EXERCISE | The whole listing that follows, pictures excepted, should be printed again exactly as given.

INFORMATION SUPPLIED |
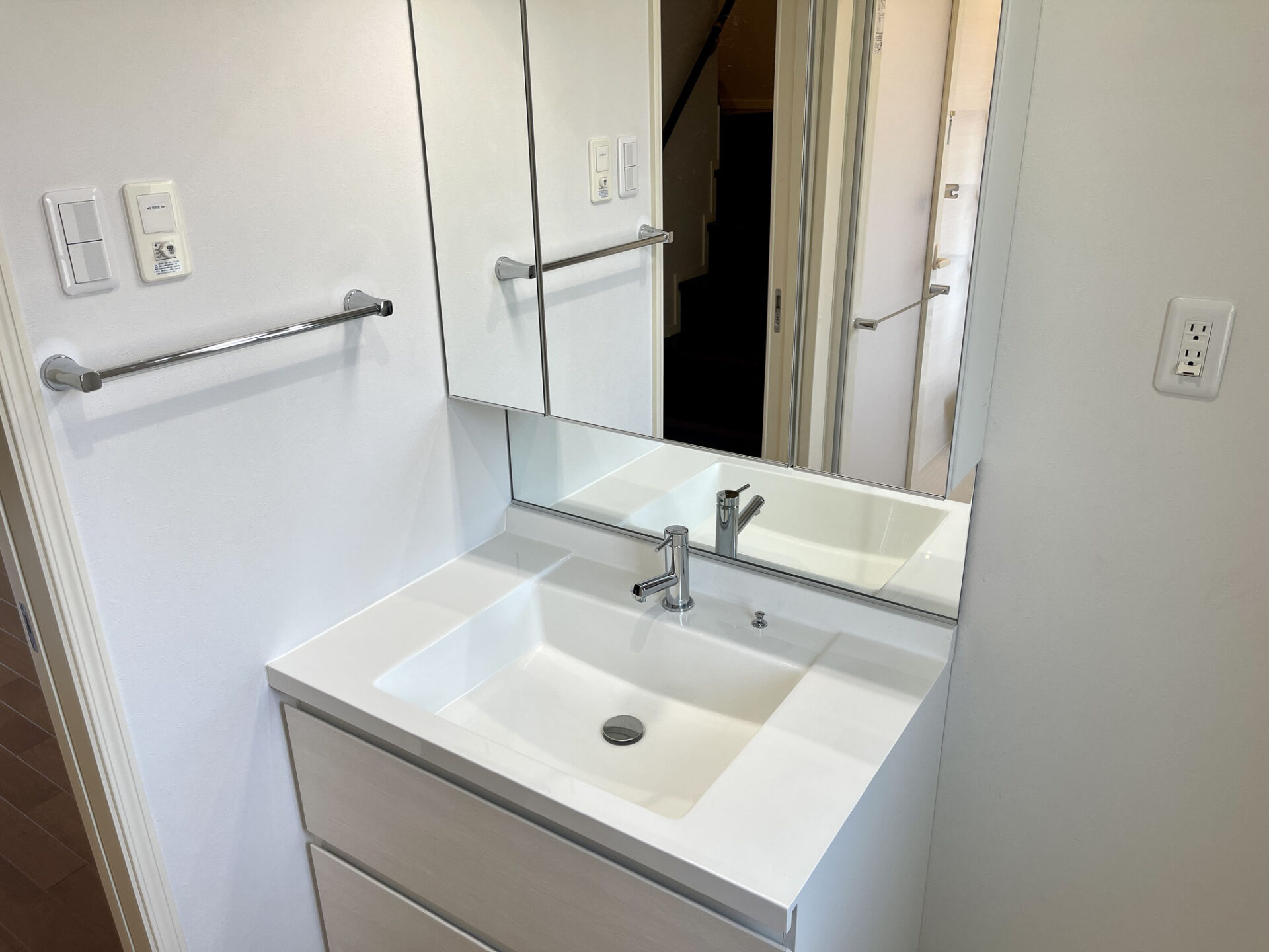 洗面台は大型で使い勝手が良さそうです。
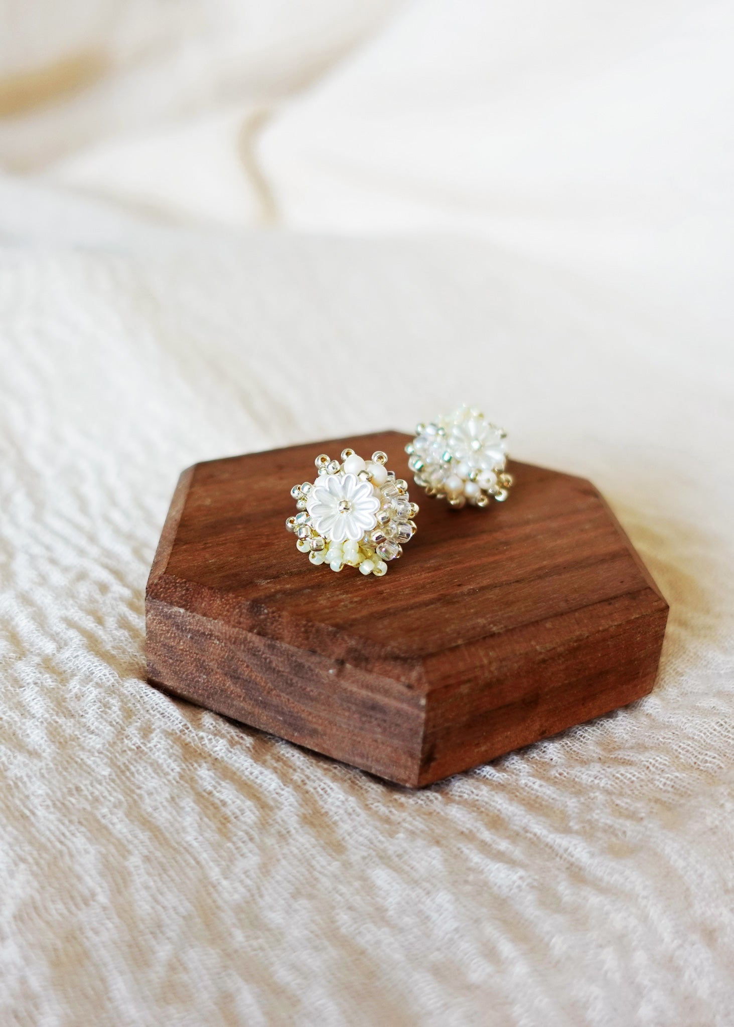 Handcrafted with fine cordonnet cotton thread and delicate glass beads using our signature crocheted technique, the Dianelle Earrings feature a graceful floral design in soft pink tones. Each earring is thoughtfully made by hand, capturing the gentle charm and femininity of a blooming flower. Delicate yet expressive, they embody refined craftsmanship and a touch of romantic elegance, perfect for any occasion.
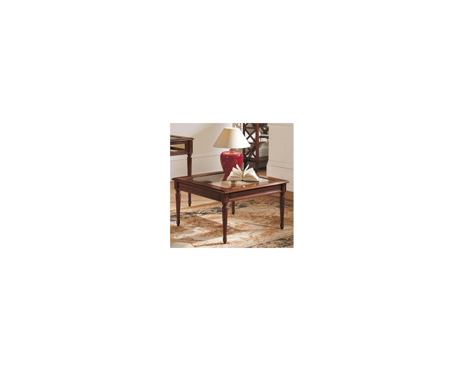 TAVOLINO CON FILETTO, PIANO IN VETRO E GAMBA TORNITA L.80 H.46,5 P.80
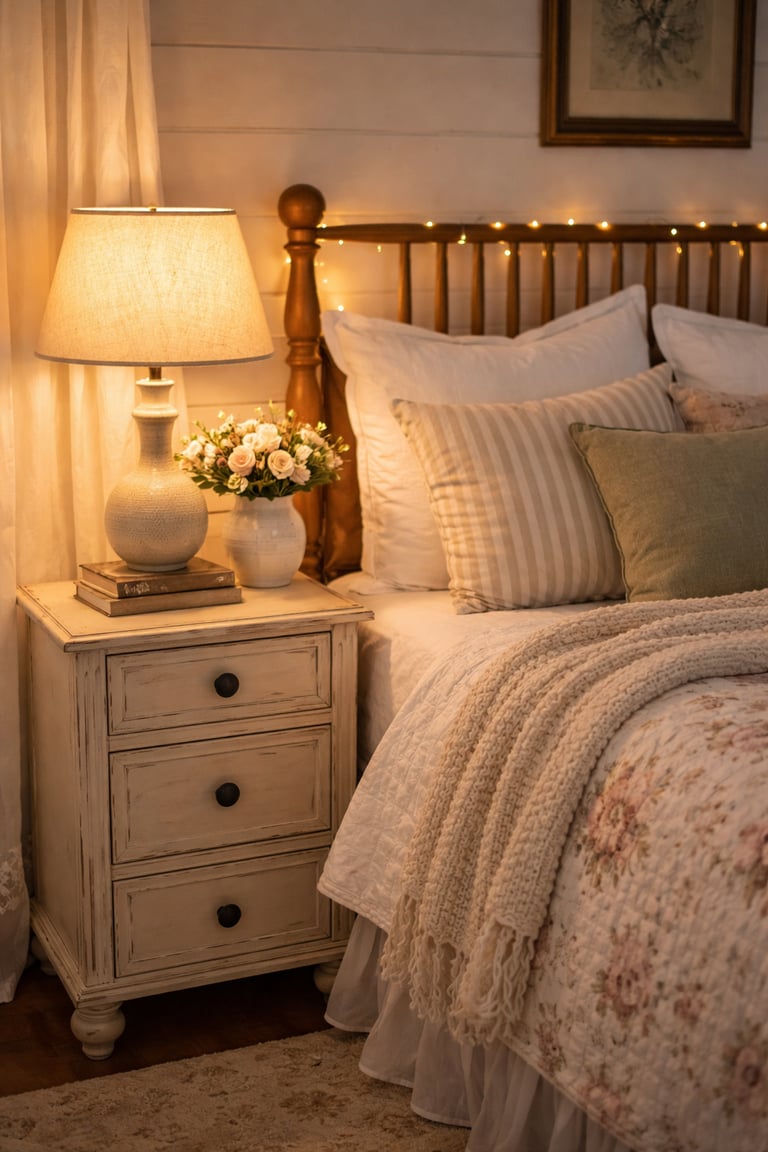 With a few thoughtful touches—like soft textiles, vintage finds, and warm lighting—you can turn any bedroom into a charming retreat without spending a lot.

TASK SOLUTION |
 洗面台は大型で使い勝手が良さそうです。
 Handcrafted with fine cordonnet cotton thread and delicate glass beads using our signature crocheted technique, the Dianelle Earrings feature a graceful floral design in soft pink tones. Each earring is thoughtfully made by hand, capturing the gentle charm and femininity of a blooming flower. Delicate yet expressive, they embody refined craftsmanship and a touch of romantic elegance, perfect for any occasion.
 TAVOLINO CON FILETTO, PIANO IN VETRO E GAMBA TORNITA L.80 H.46,5 P.80
 With a few thoughtful touches—like soft textiles, vintage finds, and warm lighting—you can turn any bedroom into a charming retreat without spending a lot.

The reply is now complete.